Embedding Visualisations

Generated for both raw VAE embeddings and UMAP transformations:

  • Main scatter plot of the 2D embedding
  • Density view showing point concentrations
  • Distribution plots for first two components

Training Log (training_log.csv)

Detailed per-epoch metrics including:

  • Total loss
  • Reconstruction loss
  • KL divergence loss
  • Validation metrics
  • Learning rate

Quality Metrics

Files containing embedding quality measures:

  • Trustworthiness: Measures how well local neighbourhoods are preserved in the embedding
    • Values range from 0 to 1
    • Values >0.9: Excellent preservation of local structure
    • Values 0.7-0.9: Good preservation, suitable for most analyses
    • Values <0.7: Poor preservation, consider adjusting parameters or using a different method
  • Continuity: Measures whether points that are close in the original space remain close in the embedding
    • Values range from 0 to 1
    • Values >0.9: Strong preservation of original relationships
    • Values 0.7-0.9: Acceptable preservation of relationships
    • Values <0.7: Significant distortion, may not be reliable for analysis
  • Both metrics should ideally be >0.7 for reliable embeddings
  • If either metric is consistently low, consider:
    • Adjusting the number of components
    • Using a different activation function
    • Trying a different dimensionality reduction method

Coordinate Files

  • autoencoder_[activation mode]_raw_coordinates.csv: Raw embeddings from the autoencoder, where the file name reflects the activation mode used
  • kmers_dim_reduction_embeddings.csv: Final embeddings combining VAE latent space with UMAP projection, optimised for species separation. UMAP optimisation occurs when --skip_n_neighbors_optimisation isn't used (default).

Performance Considerations

Memory Management

  • Processes large genomic datasets through batch processing
  • Memory usage increases with dataset size and k-mer length
  • Default memory limit of 4GB (adjustable via configuration)
  • Automatically scales intermediate layer dimensions
  • Uses data normalisation strategies optimised for k-mer frequency data
  • Maintains numerical stability through appropriate regularisation
  • For datasets with <100 sequences, autoencoder components automatically reduce to sample_count-1
  • Warning: Large datasets may require significant memory resources

Integration with UMAP

  • Combines VAE's dimensionality reduction with UMAP's visualisation
  • Preserves both local and global structure
  • Enables interactive exploration of sequence relationships
  • Provides options for different visualisation schemes

Interpreting Results

While traditional GC-coverage plots provide a basic view of sequence composition, k-mer-based embeddings often reveal more nuanced taxonomic relationships.
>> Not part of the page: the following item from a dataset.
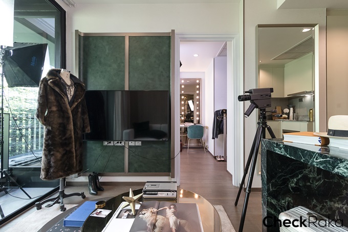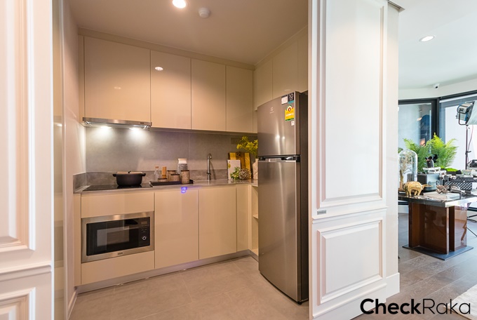 เข้ามาจะเจอกับโซนห้องครัวอยู่ทางซ้าย เป็นแบบครัวเปิดได้ชุดครัว Built-in รูปตัว L ตามแบบห้องตัวอย่าง

The first principal component (PC1) frequently correlates with GC content, but additional components and non-linear transformations can expose more subtle patterns in sequence composition that aid in taxonomic classification.

Applications

Primary Use Cases

  • Separating sequences from different organisms in mixed samples
  • Detecting contamination in sequencing data
  • Exploring relationships between sequences
  • Identifying unusual or outlier sequences

Limitations and Considerations

  • Very similar sequences might not be completely separated
  • Processing time increases with dataset size and k-mer length
  • Memory requirements scale with input dimensions
  • Training time can be significant for large datasets

References

  1. Weber, Claudia C. "Disentangling cobionts and contamination in long-read genomic data using sequence composition." G3 Genes|Genomes|Genetics, 2024.
  2. Hinton GE, Salakhutdinov RR. "Reducing the Dimensionality of Data with Neural Networks." Science, 2006.
  3. Ioffe S, Szegedy C. "Batch Normalization: Accelerating Deep Network Training by Reducing Internal Covariate Shift." arXiv:1502.03167, 2015.
  4. Srivastava N, Hinton G, Krizhevsky A, Sutskever I, Salakhutdinov R. "Dropout: A Simple Way to Prevent Neural Networks from Overfitting." Journal of Machine Learning Research, 2014.
  5. Kingma DP, Welling M. "Auto-Encoding Variational Bayes." arXiv:1312.6114, 2013.
  6. Kingma DP, Ba J. "Adam: A Method for Stochastic Optimization." arXiv:1412.6980, 2014.